Thursday, September 20, 2001

Altres personnel executives Dianne Boasso, facing left, and Kerry Kopp
talked to inmates and former inmates looking for jobs yesterday at the
state Department of Public Safety's fourth annual
job fair at McCoy Pavilion.

Inmates prepare
to enter tight
job market

Those ready to join the
work force face increased
competition for fewer

By Lisa Asato

Raylene Quinonez knows it will be tough to find a job when she is released from prison in two weeks.

Not only will she have to explain why she spent four years at the Women's Community Correctional Center, but she is also entering the job market at a time when Hawaii's leaders in government and business are meeting to devise a plan to head off a recession in the wake of last week's terrorist attacks.

"I'm just going to do what I have to do to get a job," said Quinonez, a 31-year-old mother of two. "Just because there's a crunch (on the economy) and just because I have a record, I can't say, 'I quit.' I've come too far. I've just got to keep pounding the pavement."

Quinonez was one of 71 inmates and former inmates who attended the Department of Public Safety's fourth annual job fair yesterday. The men and women came to learn about obstacles they face, the types of jobs available, qualifications for those jobs and the realities of Hawaii's job market.

The market realities, however, are "pretty grim," said Norma McDonald, Oahu branch manager for the state Labor Department's Workforce Development Division.
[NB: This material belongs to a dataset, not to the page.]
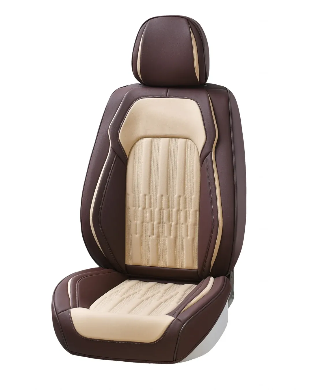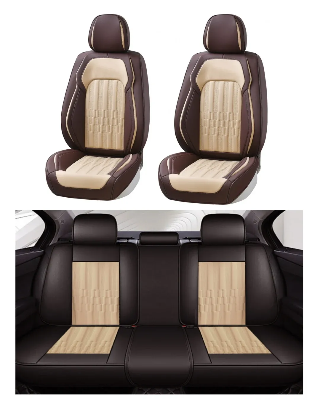 Пълен Комплект Универсална Тапицерия, Калъфи За Автомобилни Седалки Лукс Еко Кожа в Бежово и Кафяво (цвят Кафе)

"It's definitely going to be more difficult (for them to find a job) because the pool of job seekers is going to be that much larger because people are getting laid off," said McDonald, whose division partners with Oahu WorkLinks, a free public employment and training service that held a job-searching workshop at yesterday's fair.

"In the last year we were beginning to see the economy sort of pick up," McDonald said. "This is really a blow to the stomach, so to speak, for those entering the labor market with little work experience, with some of the barriers that society has set up for them."

Hawaiian Electric Co. taught attendees yesterday how to dress for interviews and walked them through mock interviews.

"Their willingness is tremendous," said Danny Ishii, HECO consultant for work force staffing and development. He said some of the ex-offenders meet the requirements for entry-level mail clerks but that "the job outlook is cautious right now."

HECO, which employs 1,300 people statewide, is not considering cutbacks, he said, but is "re-examining our staffing ... and not actively recruiting at this time."

"As a large employer we have a larger pool of candidates," he said. The inmates could be "one in 100 applying for a job" and have to distinguish themselves through their skills and knowledge.

Ray Makkonen, education supervisor at Oahu Community Correctional Center, said he is telling the inmates what he always tells them: to use their education during incarceration as a positive.

"We still tell them to expand on their experiences and the education they attained," he said. Inmates can receive training in computer technology and repair, food preparation and sewing, he said.

"We did have a girl who got hired today," he said, adding that eight others were asked to fill out applications at Waikiki Trader Corp.